Teraplot LT is a free 2D and 3D graph plotter for Windows 8 and Windows-based tablets.

It's the scaled down version of the fully fledged Teraplot Graphing Software (which is a commercial product. They have a free 30 day trial).

I enjoyed working with both products and found the output quality is quite good.

3. Math puzzles

The puzzle in the last IntMath Newsletter asked about solutions for an inequality.

Correct answers with explanation were given by Peter (who provided 2 different approaches), Emily, Tomas, Francis, Nicos, Cichy and John.

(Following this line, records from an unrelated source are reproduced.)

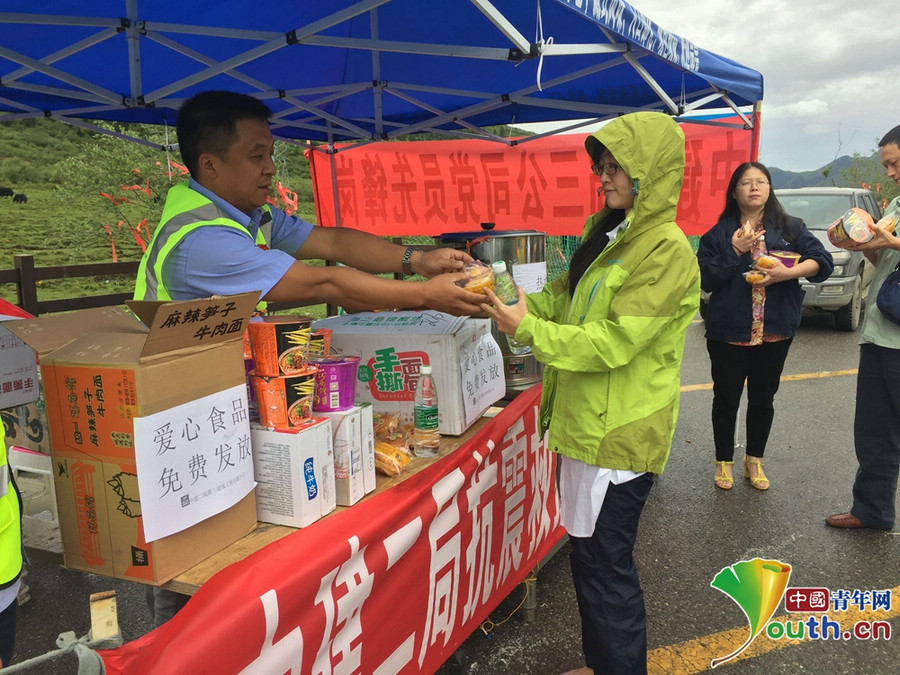 震后第二天(tian),得知九(jiu)寨(zhai)(zhai)溝(gou)(gou)還有(you)大量游客沒(mei)有(you)轉移,項目部3名黨員立(li)即奔赴(fu)九(jiu)寨(zhai)(zhai)溝(gou)(gou),在那(nei)里設立(li)了“愛心(xin)服(fu)務站”,為受災民眾、武警,交警和游客,準(zhun)備了足夠數量的(de)便攜(xie)式氧(yang)氣瓶、藥品、食品、礦泉水(shui)(shui)等物(wu)資,還特意(yi)早早燒好開水(shui)(shui),放在保溫桶里。一天(tian)里,他們救助近200人(ren)次。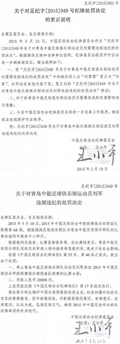 在更正申明中,足协写到:将“足纪字[2015]049号关于对青岛中能足球俱乐部运动员刘震理违规违纪的处罚决定”中的被处罚人由“刘震理”更正为“刘军”,处罚决定其他内容不变。对于给青岛中能足球俱乐部运动员刘震理造成的负面影响表示道歉。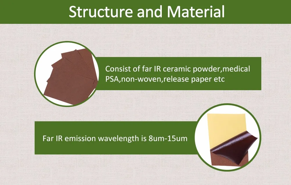 Структура и материал:Состоит из керамического порошка far IR, медицинского PSA, нетканого материала, бумаги для выпуска и т. д.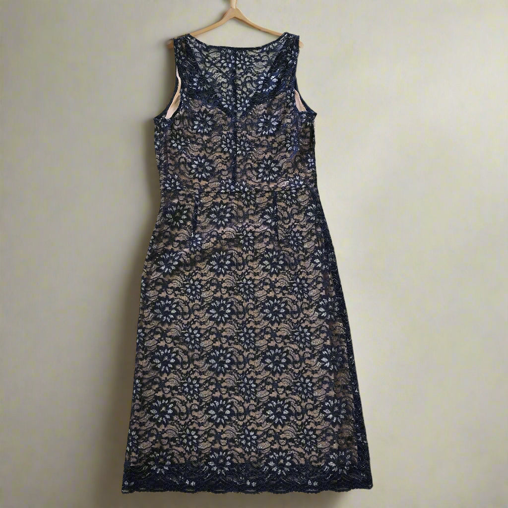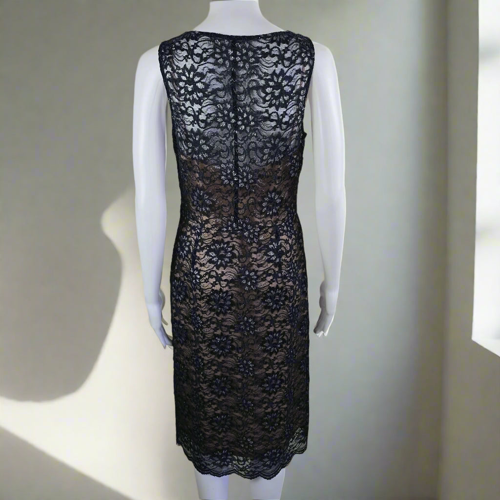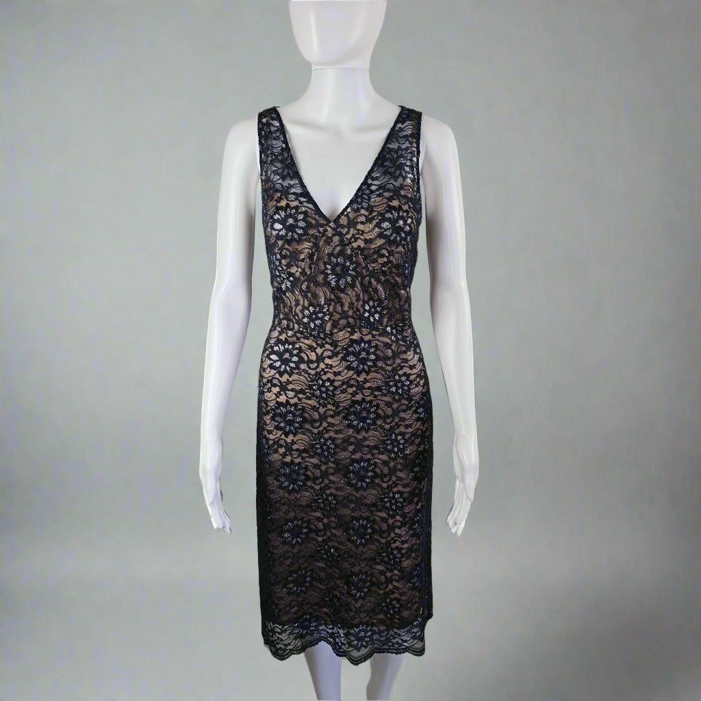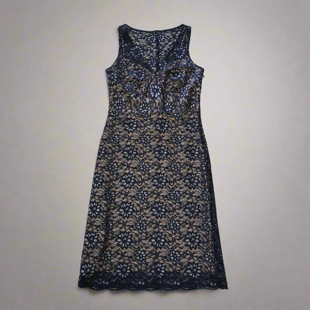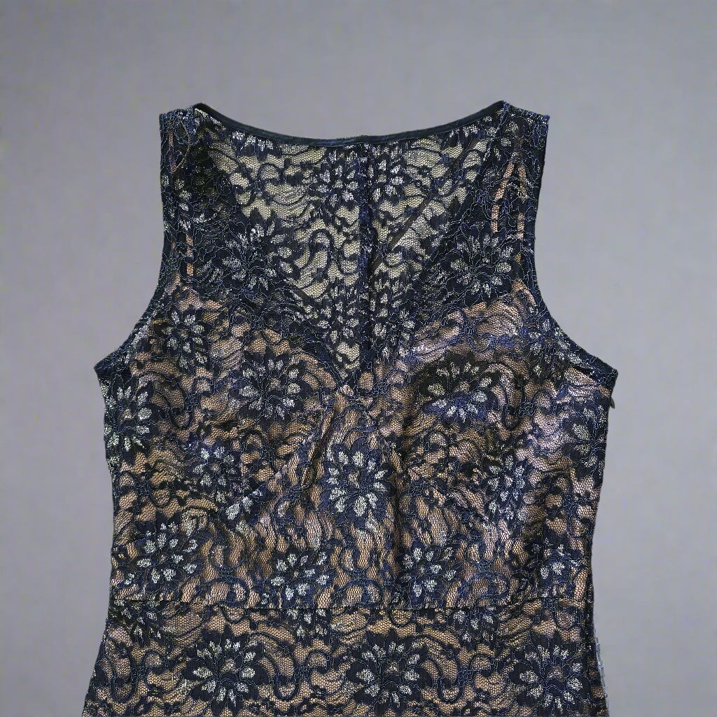 BCBG Max Azria Navy & Silver Lace Overlay Dress – Size AU 10 / UK 10 / FR 38 / US 6 / IT 42
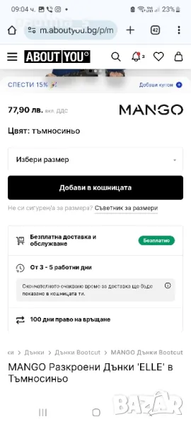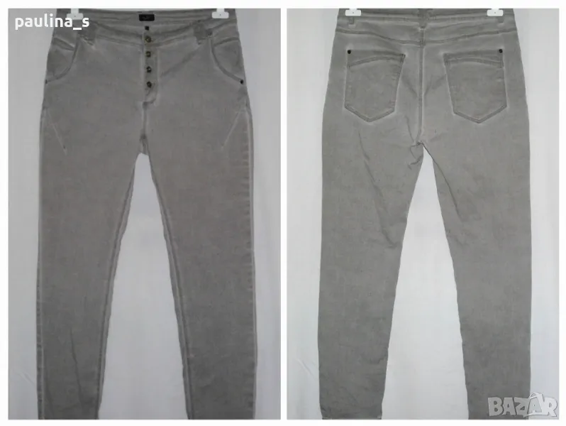 1️⃣. Колаж / L / 2XL - "Elle by Mango". Цената е крайна 39,99лв / 20 евро. Еластични плътни дънки с избелващ ефект, платът е зимен еластичен и покрива няколко размера. Моделът е обран, съобразено с размера 5 pocket Denim, джобове с филетки отзад и монетно отпред. Не са нови, една бройка, без дефекти.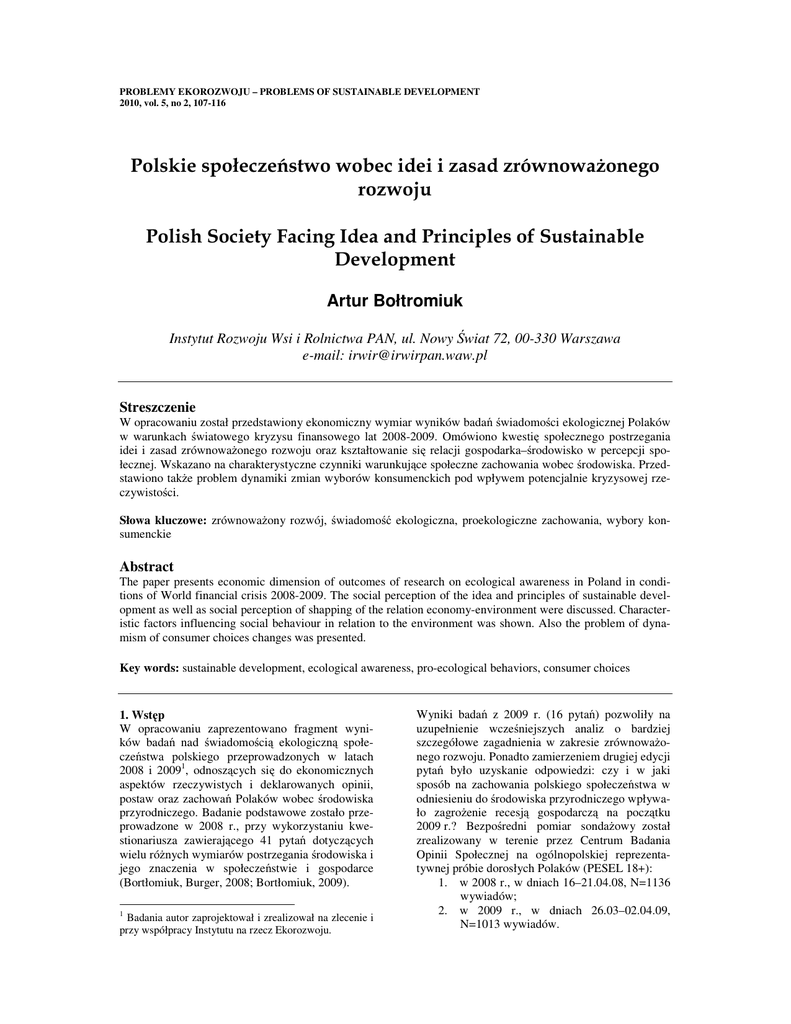 PROBLEMY EKOROZWOJU – PROBLEMS OF SUSTAINABLE DEVELOPMENT 2010, vol. 5, no 2, 107-116 Polskie społeczeństwo wobec idei i zasad zrównowaŜonego rozwoju Polish Society Facing Idea and Principles of Sustainable Development Artur Bołtromiuk Instytut Rozwoju Wsi i Rolnictwa PAN, ul. Nowy Świat 72, 00-330 Warszawa e-mail: [email protected] Streszczenie W opracowaniu został przedstawiony ekonomiczny wymiar wyników badań świadomości ekologicznej Polaków w warunkach światowego kryzysu finansowego lat 2008-2009. Omówiono kwestię społecznego postrzegania idei i zasad zrównowaŜonego rozwoju oraz kształtowanie się relacji gospodarka–środowisko w percepcji społecznej. Wskazano na charakterystyczne czynniki warunkujące społeczne zachowania wobec środowiska. Przedstawiono takŜe problem dynamiki zmian wyborów konsumenckich pod wpływem potencjalnie kryzysowej rzeczywistości. Słowa kluczowe: zrównowaŜony rozwój, świadomość ekologiczna, proekologiczne zachowania, wybory konsumenckie Abstract The paper presents economic dimension of outcomes of research on ecological awareness in Poland in conditions of World financial crisis 2008-2009. The social perception of the idea and principles of sustainable development as well as social perception of shapping of the relation economy-environment were discussed. Characteristic factors influencing social behaviour in relation to the environment was shown. Also the problem of dynamism of consumer choices changes was presented. Key words: sustainable development, ecological awareness, pro-ecological behaviors, consumer choices 1. Wstęp W opracowaniu zaprezentowano fragment wyników badań nad świadomością ekologiczną społeczeństwa polskiego przeprowadzonych w latach 2008 i 20091, odnoszących się do ekonomicznych aspektów rzeczywistych i deklarowanych opinii, postaw oraz zachowań Polaków wobec środowiska przyrodniczego. Badanie podstawowe zostało przeprowadzone w 2008 r., przy wykorzystaniu kwestionariusza zawierającego 41 pytań dotyczących wielu róŜnych wymiarów postrzegania środowiska i jego znaczenia w społeczeństwie i gospodarce (Bortłomiuk, Burger, 2008; Bortłomiuk, 2009). 1 Badania autor zaprojektował i zrealizował na zlecenie i przy współpracy Instytutu na rzecz Ekorozwoju. Wyniki badań z 2009 r. (16 pytań) pozwoliły na uzupełnienie wcześniejszych analiz o bardziej szczegółowe zagadnienia w zakresie zrównowaŜonego rozwoju. Ponadto zamierzeniem drugiej edycji pytań było uzyskanie odpowiedzi: czy i w jaki sposób na zachowania polskiego społeczeństwa w odniesieniu do środowiska przyrodniczego wpływało zagroŜenie recesją gospodarczą na początku 2009 r.? Bezpośredni pomiar sondaŜowy został zrealizowany w terenie przez Centrum Badania Opinii Społecznej na ogólnopolskiej reprezentatywnej próbie dorosłych Polaków (PESEL 18+): 1. w 2008 r., w dniach 16–21.04.08, N=1136 wywiadów; 2. w 2009 r., w dniach 26.03–02.04.09, N=1013 wywiadów. 108 Bołtromiuk/Problemy Ekorozwoju/Problems of Sustainable Development 2/2010, 107-116 2. ZrównowaŜony rozwój w percepcji społecznej Pojęcie „zrównowaŜony rozwój” juŜ dość długo funkcjonuje w przestrzeni publicznej (Gawor, 2006; Skowroński, 2006; Sztumski, 2006; Piątek, 2007; Jaśkiewicz, 2008; Pawłowski, 2009; Borys, 2010). Na ile rozpoznawalne jest ono przez polskie społeczeństwo i jakie treści są pod nie podkładane, miały pokazać odpowiedzi na pytanie z czym respondenci kojarzą ten termin. W rozkładach odpowiedzi w obu edycjach badania nie stwierdzono większych rozbieŜności. Otrzymane wyniki nie napawają optymizmem, gdyŜ na prawidłową definicję wskazała zaledwie trzecia część respondentów (33%), przyporządkowując termin „zrównowaŜony rozwój” równoprawnemu traktowaniu rozwoju gospodarczego, rozwoju społecznego i ochrony środowiska, podczas gdy co piąty badany identyfikuje go z równomiernym rozwojem róŜnych dziedzin gospodarki (20%). Inne niepoprawne skojarzenia to: równowaga psychiczna człowieka (11%) czy równomierny rozwój wszystkich regionów kraju (8%). MoŜna tu równieŜ zaobserwować ścisły związek między znajomością pojęcia zrównowaŜonego rozwoju a poziomem wykształcenia – respondenci z po studiach wyŜszych prawie dwuipółkrotnie częściej byli w stanie podać poprawną odpowiedź niŜ ci z wykształceniem podstawowym (54% wobec 20%). Najlepiej zorientowani w badanym temacie okazali się: − przedstawiciele kadry kierowniczej, specjaliści – 57% (2008); 62% (2009); − mieszkańcy największych miast – 51% (2008); 51% (2009). Pogłębieniu badań nad problematyką zrównowaŜonego rozwoju w 2009 r. posłuŜył zestaw 5 pytań, z których dwa miały na celu zbadanie czy i w jakim stopniu Polacy podzielają tę ideę, natomiast trzy posłuŜyły ocenie poziomu akceptacji społecznej podstawowych zasad zrównowaŜonego rozwoju. Na pytanie o skutki podejmowanych decyzji o kierunkach rozwoju kraju respondenci odpowiedzieli, Ŝe naleŜy brać pod uwagę wpływ takich rozstrzygnięć: − w równej mierze na gospodarkę, społeczeństwo i środowisko: 72%; − przede wszystkim na społeczeństwo (ludzi): 10%; − przede wszystkim na gospodarkę: 9%; − przede wszystkim na środowisko: 4%; − brak opinii: 6%. Najwięcej zwolenników równoprawnego traktowania gospodarczego, społecznego i środowiskowego czynnika rozwoju moŜna znaleźć wśród mieszkańców duŜych (101–500 tys.) miast (84%), osób z wykształceniem wyŜszym (82%) w przedziale wiekowym 35–44 lata (81%). Na priorytety gospodarcze wskazują najczęściej rolnicy (17%), na priorytety społeczne natomiast: uczniowie i studenci (20%), w wieku 18–24 lata (18%). Trudno jest jednoznacznie określić grupę społeczną, która wyraźnie preferuje środowiskowe kryteria decyzji, gdyŜ ogólnie niewielka liczba respondentów wyraziła takie właśnie opinie. MoŜna jedynie wspomnieć, Ŝe na kwes

(Some people just sent a number only as their answer. There was no indication of the thinking behind their conclusion.)

New math puzzle

Let's revisit the pulley applet. As explained in the article mentioned earlier, for the applet to look right, we need to know where the segments intersect with the circles.

The new puzzle is: Given 2 pulley wheels of different radius r1 and r2, with centers that are distance d apart, find the point where the first circle intersects with the segment joining the 2 circles. (The segment is tangent to each circle, and the left hand circle is centered at (0,0).) That is, you need to find the point where the red dot is.

pulleys applet

Leave your responses here.

[Hint: If you want to enter subscripts in your answer, do it like this: r<sub>1</sub>. This will come out like this: r1. If that's too troublesome, just put r1. We'll understand!]

4. Friday math movie: Falling in love with primes

Monster prime numbers

Comedian Adam Spencer gives us the lowdown on finding monster prime numbers.

Friday math movie: Falling in love with primes

5. Final thought: producer or consumer?

As mentioned earlier, reader Peter gave 2 responses to the math puzzle. In a separate comment, he said:

My first response was done on an iPad. I find it hard to be wordy on that medium. The second was done on my computer with a full keyboard. That would be an interesting survey question: Are you more thoughtful (and complete) when providing an answer on a smartphone, tablet, computer, or pen and paper?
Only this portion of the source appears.